The series was then presented in the exhibition Andy Warhol – Il Cenacolo at the Palazzo delle Stelline in Milan from January to March 1987. Warhol attended the opening, one of the last exhibitions of his lifetime. It coincided with his exhibition of the Statue of Liberty series at Galerie de Bellecour–Jean-Marc Michali in Lyon. Warhol died in February 1987, shortly before the Milan exhibition closed, and Iolas died four months later in June 1987. In 1988, ownership of the loaned works for the show became the subject of litigation between their estates after a proposed exchange of the paintings for antiquities from Iolas's collection was never completed before their deaths.

From June 1999 to July 2001, the Guggenheim Museum SoHo in New York hosted the significant, long-running exhibition Andy Warhol: The Last Supper.

In 2017, the Museo del Novecento in Milan held an exhibition of the works in honor of the thirtieth anniversary of their Milanese debut.

The Last Supper series was featured in the exhibition Andy Warhol: Revelation at the Brooklyn Museum in New York from November 2021 to June 2022. The exhibition examined Warhol's Catholic faith through a range of his works.

== Critical reception ==
The Last Supper series received a mixed but substantial critical response. In 1987, writing in Artforum, critic Jole De Sanna described it as Warhol's "most complex work that he produced in the years after his celebrated silkscreen prints of famous personalities."

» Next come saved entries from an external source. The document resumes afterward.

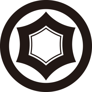 | 亀甲紋は亀の甲羅のような正六角形の連続紋四様から紋章化したもの。古代より世界中で使用された文様で日本には大陸から伝わり、5世紀以降の古墳からもその図柄が出土している。幾何学的な美しさと長寿の亀の甲羅を連想させる単純な形で瑞祥的な意義により家紋となった。 |
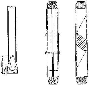 Besides metallic bolts, wooden slot-and-wedge anchors were applied in the U.S.A. mainly in places with soft hanging such as argillaceous and quarzitic shalestone. Its dimensions were 5 cm, 125 cm length, 6 × 6 cm head, turned on a lathe with fresh, wet pine or spruce wood, two wedges 1 7/8 × 1 × 16" and one 30" in anchor plate. The cost approx. 0.5 US$/plece. The advantages were, high retaining force in loose adjoining rock, the possible production at the mine site, and high corrosion resistance. Such anchors have been produced locally with output of some 500 pieces/man-shift and setting capacity of some 100 pieces/ms.
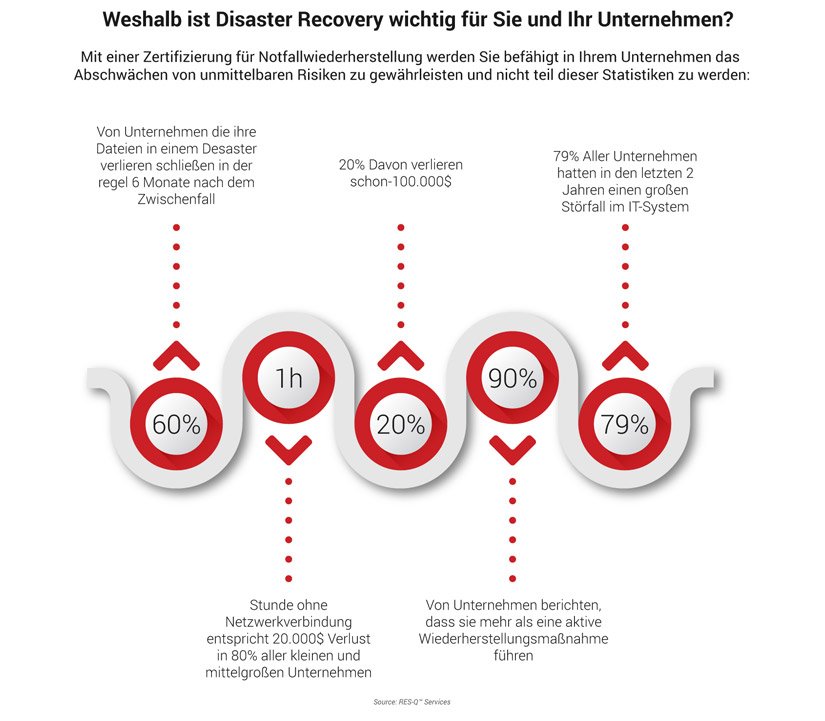 Erlangen Sie Ihre Grundkenntnisse für Notfallwiederherstellung und helfen Sie Ihrem Unternehmen verfahren, Vorhaben, Konzepte und Wiederherstellungsprozesse zu fördern. Eine Disaster-Recovery Zertifizierung beweist Ihre Entschlossenheit Ihr Dienstleistungsniveau und Ihre Fachkompetenz zu steigern.

In 1999, Claudia Schmuckli, a curatorial assistant at the Guggenheim wrote "the extent of the series indicates an almost obsessive investment in the subject matter, which takes on an added significance in light of the revelation of the secret religious life." By contrast, art critic Anthony Haden-Guest wrote for Artnet that "Warhol's Christ seems wishy-washy, religiose—an icon nobody quite knows," questioning the role of Warhol's Catholic faith in the series and suggesting that his beliefs may have "damped down the energy" and removed "the dry sulfurous crackle of the best work," leaving the paintings "paradoxically… spiritless."

== Collections ==
The large painting Camouflage Last Supper (1986), measuring more than 25 feet in length and overlaid with a military-style camouflage pattern is now held in the collection of the Menil Collection in Houston.

The collaborative sculpture Ten Punching Bags (Last Supper) (1985) with Jean-Michel Basquiat, was never shown during Warhol's lifetime. It is in the collection of the Andy Warhol Museum in Pittsburgh.

== Art market ==
In May 2008, art dealer Jose Mugrabi purchased Detail of the Last Supper (Christ 112 Times) (1986) for $9.5 million at Christie's in New York. Measuring 6 by 35 feet, it features a black grid with Christ's face outlines in yellow.

In May 2017, Last Supper (1986) a double image in pink and black, sold for $18.7 million at Christie's in New York.

In November 2017, Sixty Last Suppers (1986) sold for $60.9 million at Christie's in New York.

In May 2018, Last Supper (1986), a double image in yellow and black, sold for $8.7 million at Phillips in New York.

In May 2025, The Last Supper (1986), a double image in blue and black, sold for $7.07 million at Christie's in New York. That month, The Last Supper screenprint fetched $453,600 at Christie's.

In November 2025, The Last Supper (1986), a double image in yellow and black from the Edlis | Neeson Collection, achieved $8.1 million at Christie's in New York.